Finance

Government’s R41 billion retirement tax bonanza

The government is set to benefit greatly from the implementation of the new two-pot retirement system next month, with R5 billion in additional tax revenue from early withdrawals pencilled in. 

However, researchers from the Reserve Bank estimate the benefit to be closer to R41 billion, depending on the amount withdrawn. 

The new two-pot system will be implemented on 1 September and promises to improve South Africans’ retirement outcomes. 

The system aims to prevent South Africans from changing jobs to access their pensions in case of emergencies. 

SARS data shows that each year, around 700,000 individuals opted to take out an early withdrawal lump sum in cash before retirement. 

This translated into roughly R78 billion being taken out of the retirement system annually. 

To discourage early withdrawal, higher tax rates are levied on lump sums taken out before retirement. This generates around R12 billion for the government annually.

However, this has proven ineffective at forcing South Africans to keep their savings invested until maturity. 

Thus, the two-pot system will give South Africans access to up to a portion of their savings, termed the savings ‘pot’, once a year. 

The retirement ‘pot’ will receive two-thirds of contributions and will only be accessible at maturity, when it has to be used to buy a retirement income product. 

A third pot will be created for individuals with existing retirement funds to retain the value of all contributions made before the new system’s start date of 1 September.

This is shown in the graphic below. 

Old Mutual Wealth investment strategist Izak Odendaal explained some of the impacts the ability to access early withdrawals will have and why the government is the big winner. 

Estimates from the government and various financial institutions suggest that somewhere between R50 billion and R100 billion will be withdrawn in the first month or two after the two-pot system takes effect. 

This will largely be a one-off event, as future withdrawals will be based on one-third of new contributions from September onwards and will, therefore, be spread out over time.

This will result in the government collecting billions in additional tax revenue as early withdrawals will be taxed at marginal rates. 

In the February Budget, an additional R5 billion in tax revenue was pencilled in due to two-pot withdrawals. However, the estimated size of withdrawals expected by asset managers has grown since then.

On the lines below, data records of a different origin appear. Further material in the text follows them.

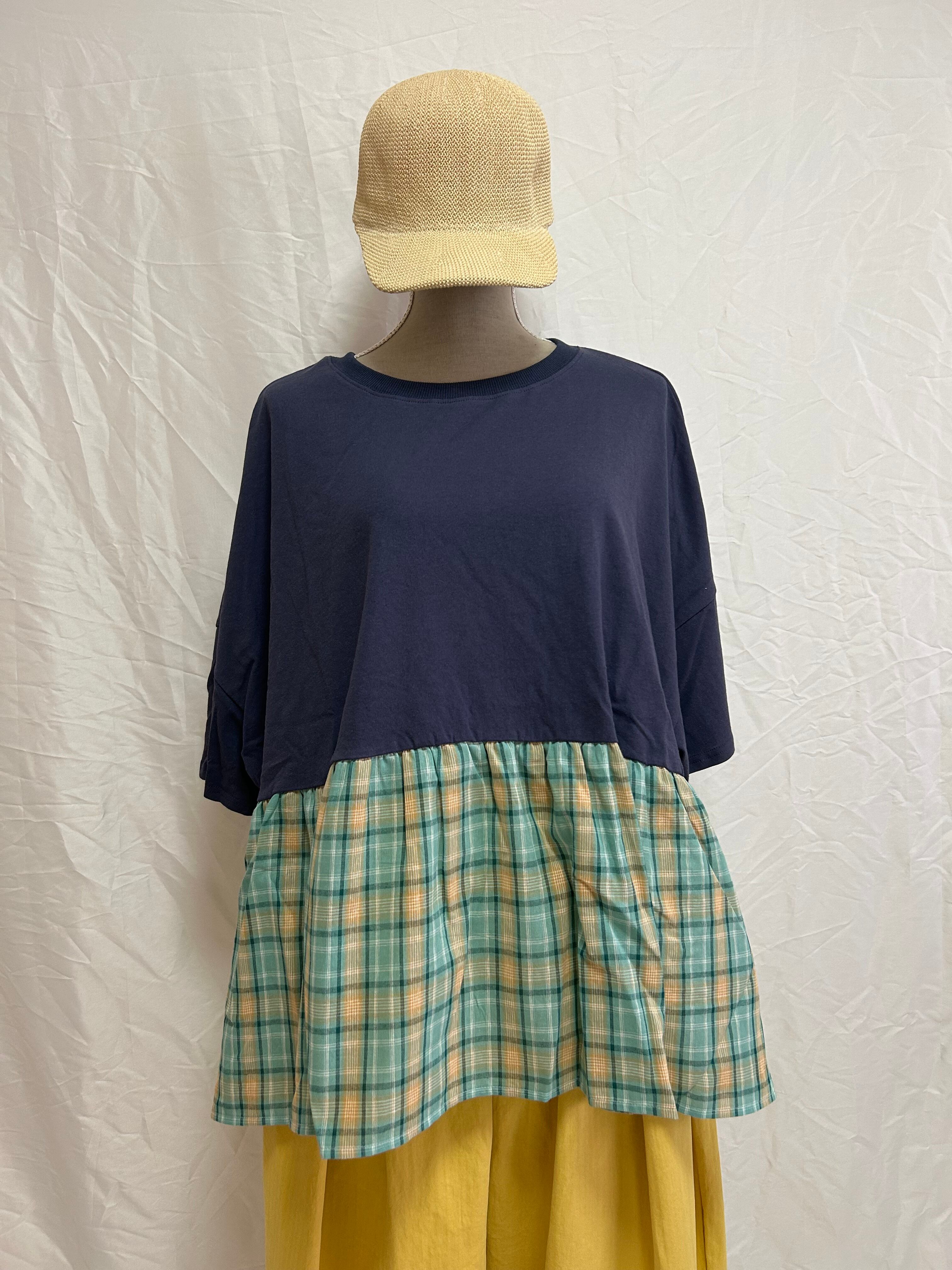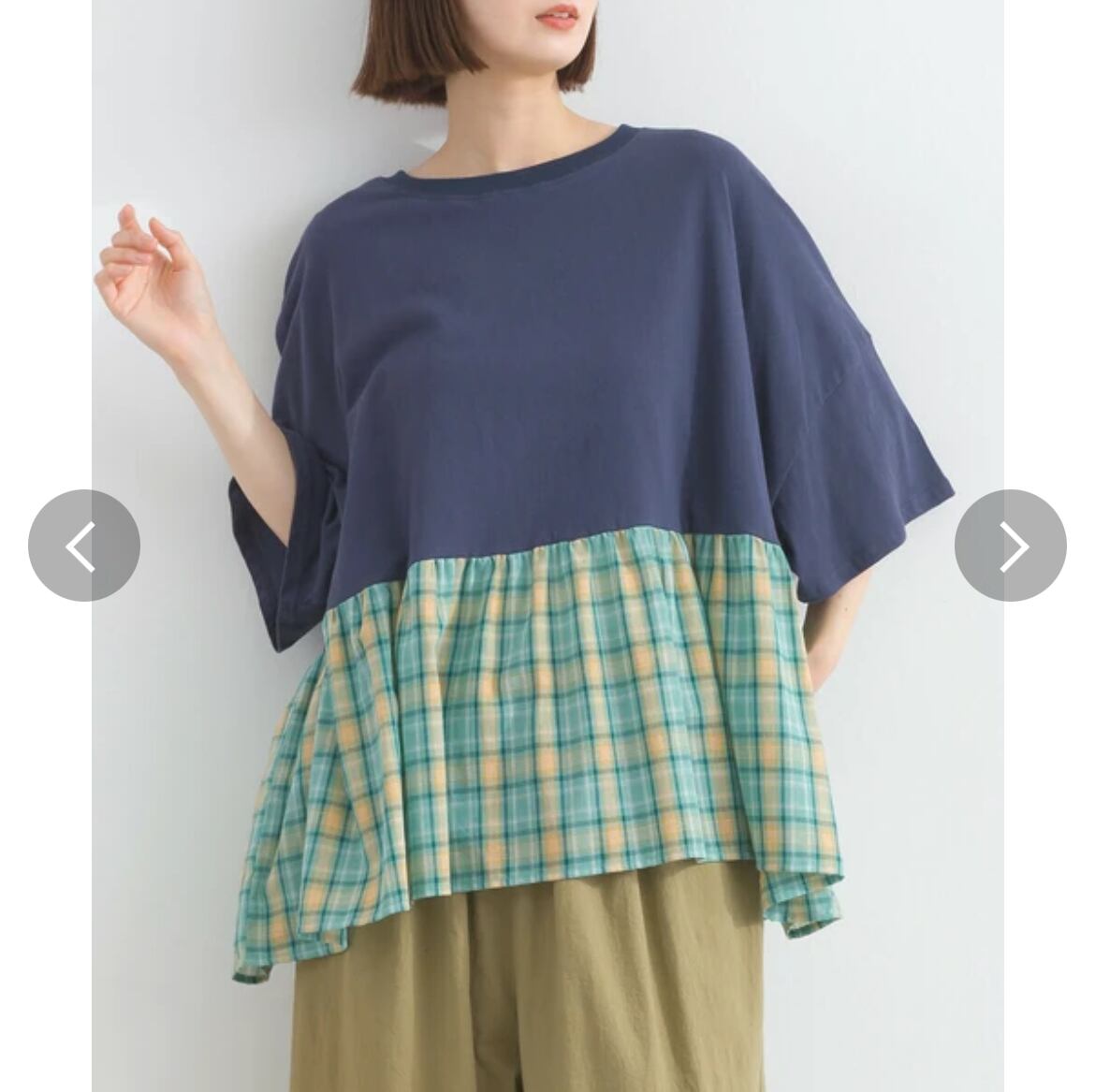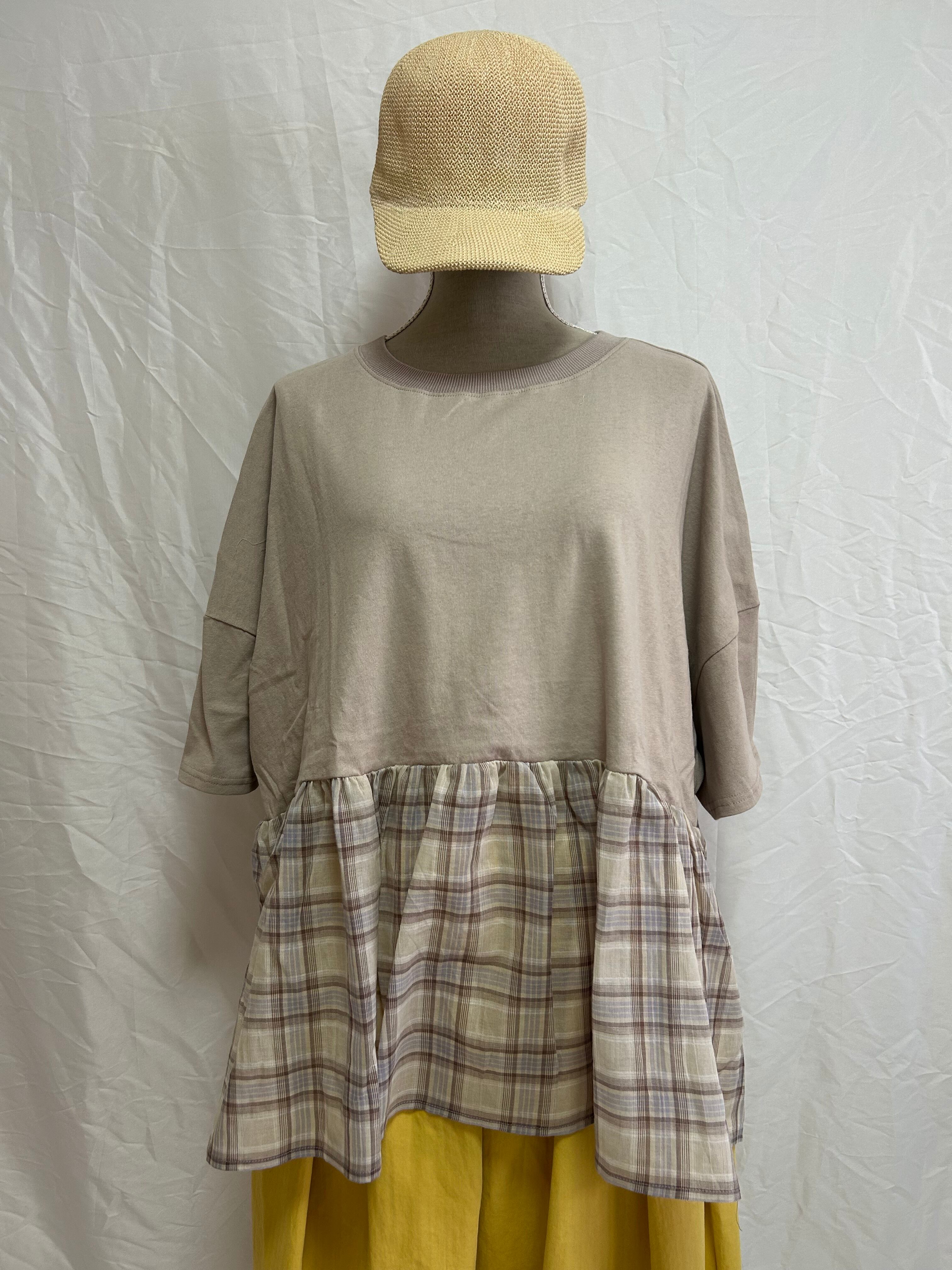 接触冷感 / ドッキングTシャツ / チェック切替 / 異素材MIX / プルオーバー / 天竺カットソー / ギャザー切替 / 夏トップス / 涼感素材 / 涼しいTシャツ / ナチュラルカジュアル / レディース半袖 / ゆったりシルエット / カットソートップス / 大人カジュアル
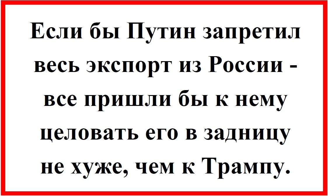 Если бы Путин запретил весь экспорт из России - все пришли бы к нему целовать его в задницу не хуже, чем к Трампу.
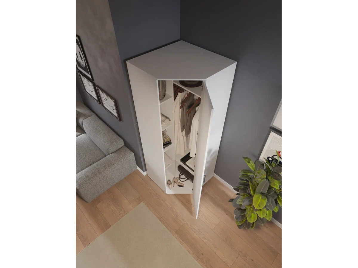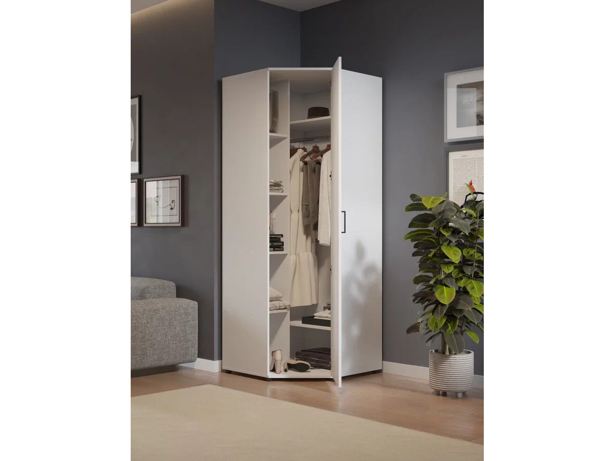 - Шкаф угловой со штангой и полками арт. 557 белый
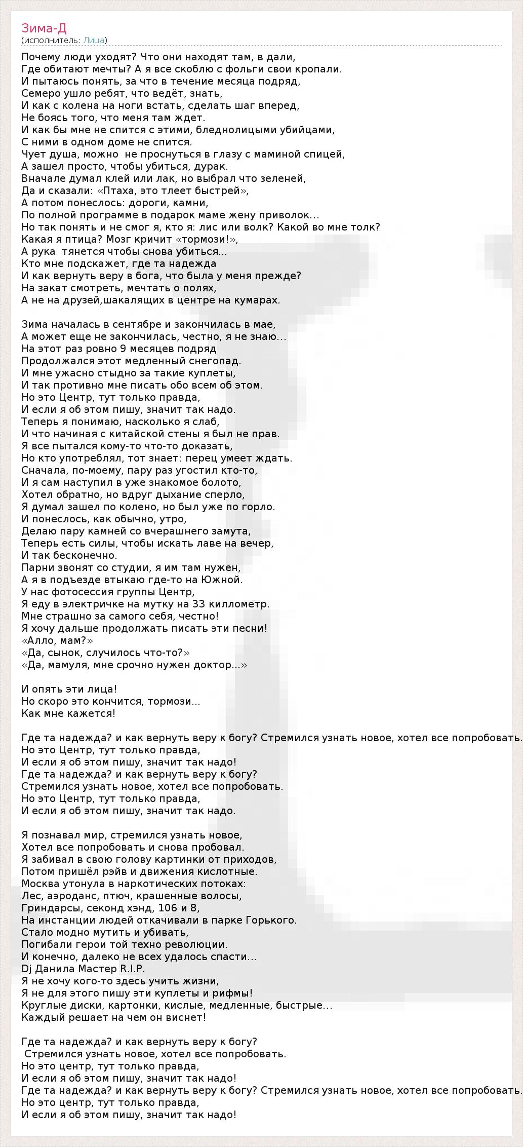А как ты думаешь, о чем песня "Зима-Д" ?
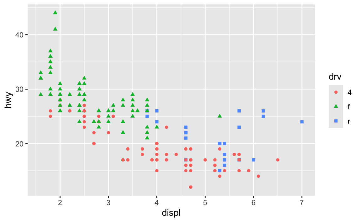 ggplot(mpg, aes(x = displ, y = hwy, color = drv, shape = drv)) +
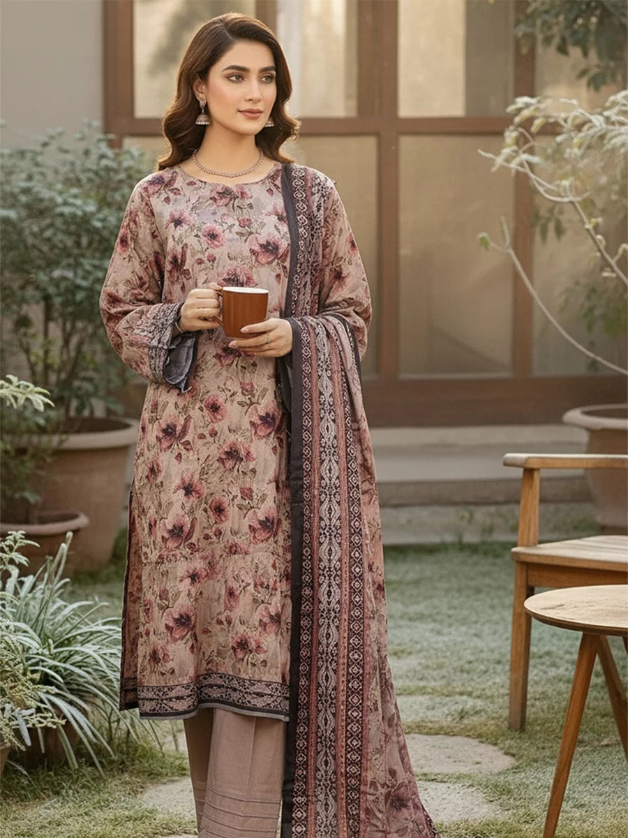 Elegant 3-piece khaddar suit featuring a beautifully printed khaddar shirt, printed khaddar dupatta, and a Plain trouser. Crafted from soft winter khaddar fabric, this outfit combines comfort with timeless floral charm, perfect for everyday elegance and seasonal style.
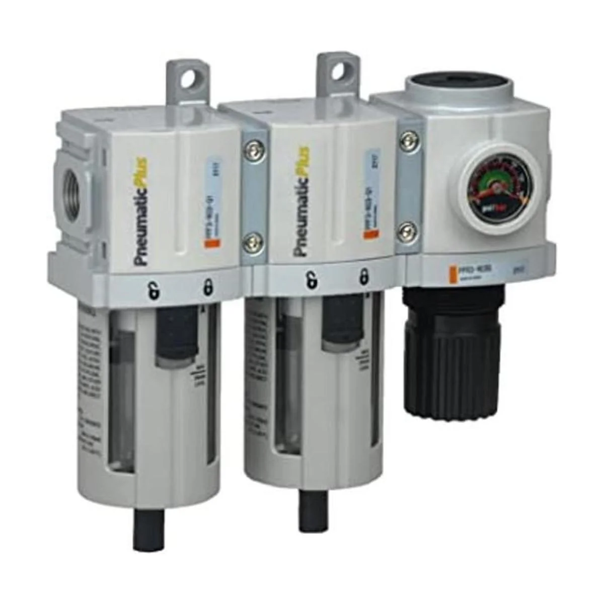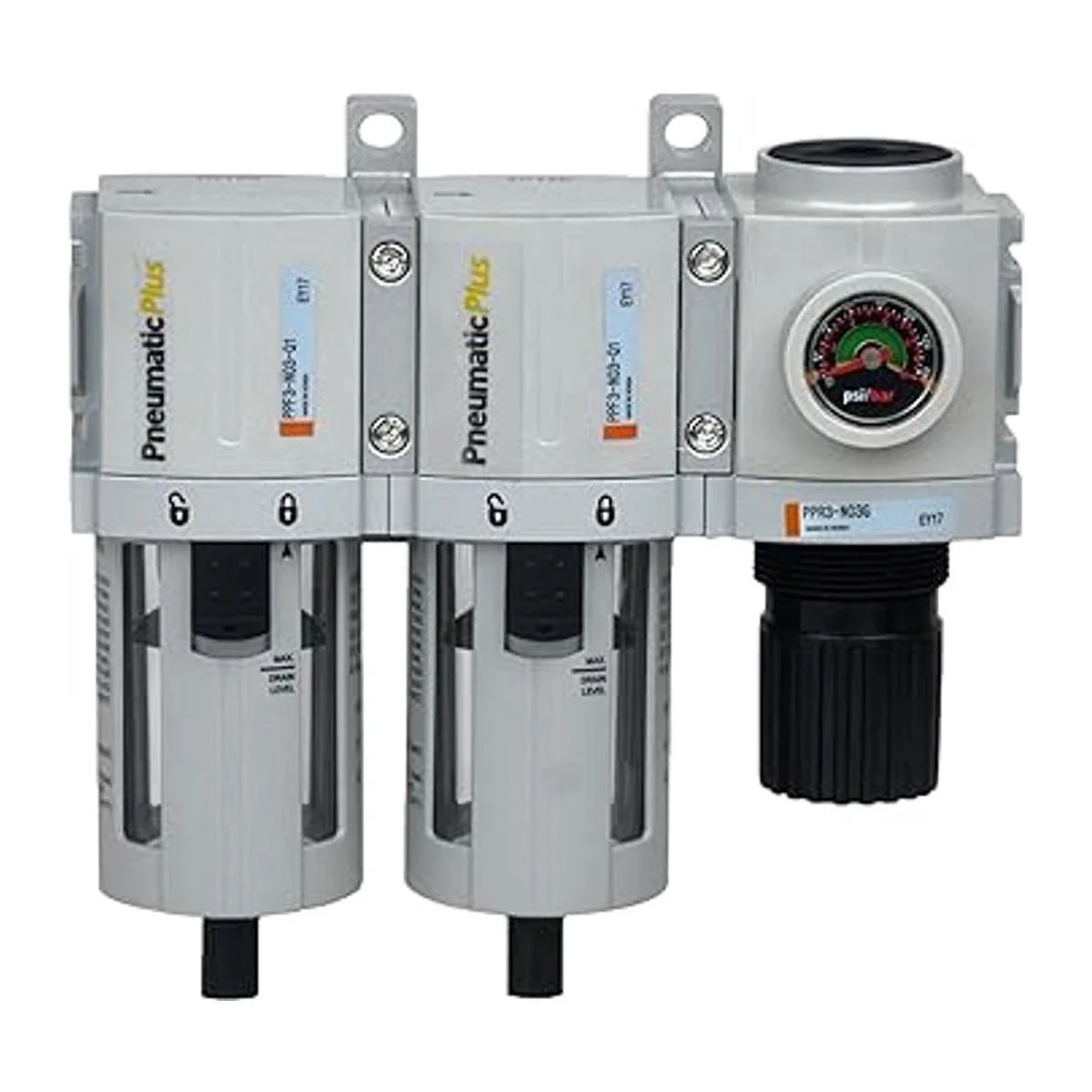 PneumaticPlus PPC3CN03G Sistema de secado de aire de 3 etapas, filtro de aire de partículas, filtro de coalescencia y regulador de presión de aire combinado de 38 pulgadas NPT, cuenco de polietileno, drenaje manual, calibre incrustado
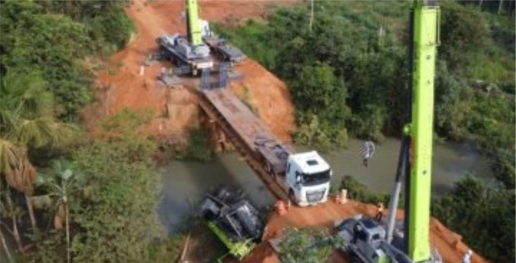 Teve início nesta quinta-feira (29) a operação para retirada de um guindaste que caiu sobre uma ponte de madeira no Córrego Grande, conhecido como Corgão, localizado na MT-560, trecho que liga os municípios de Sorriso e Tapurah. O acidente ocorreu há cerca de uma semana e, desde então, a passagem permanece totalmente interditada.
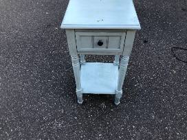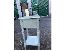 0Small Side Table Nice side table with drawer and shelf. Painted a nice blue/grey color. Length: 14 in. Width: 14 in. Height: 28 in.

Reserve Bank researchers said last month that the government could collect R41 billion in additional personal income tax in a high withdrawal scenario. 

Odendaal said this is not the end of the government’s benefits, as early withdrawals will put more cash in consumers’ hands. 

This will increase consumer spending and thus result in the government collecting billions more in VAT on sales. 

Furthermore, increased consumer spending will boost South Africa’s economic activity, resulting in a much larger GDP. 

As a result, the government’s debt-to-GDP ratio will decline slightly due to early withdrawals from the two-pot system. 

The expected additional revenue the government might collect is shown in the graph below, courtesy of the Reserve Bank research department. 

How much tax you will pay

The head of personal investments at Coronation, Pieter Koekemoer, gave an example of how this would work in practice. 

Koekemoer said South Africans should avoid withdrawing any amount from their retirement funds to avoid paying hefty taxes and interrupting the compounding process. 

“You will essentially lose the tax benefits you received from the government when you contributed towards your retirement annuity,” Koekemoer warned. 

If you wait until retirement before withdrawing your money, the preferential retirement lump sum tax tables will apply. 

However, if you withdraw early, the more punitive marginal tax rates will be deducted from your withdrawal. This can significantly impact your retirement.

Assuming your annual taxable income is R240,000. Whatever withdrawal you make from your savings pot will be taxed at a rate of at least 26% or more than a quarter of the money you access. 

If you withdraw at retirement age, the first R550,000 lump sum will be taxed zero. This principle also applies at the higher end of the income scale.

For a R10 million lump sum withdrawal at retirement, your effective tax rate will be 33% compared to the early withdrawal rate of 45%. This is assuming you earn more than R1.8 million in that tax year. This is a 12 percentage point difference in tax payable.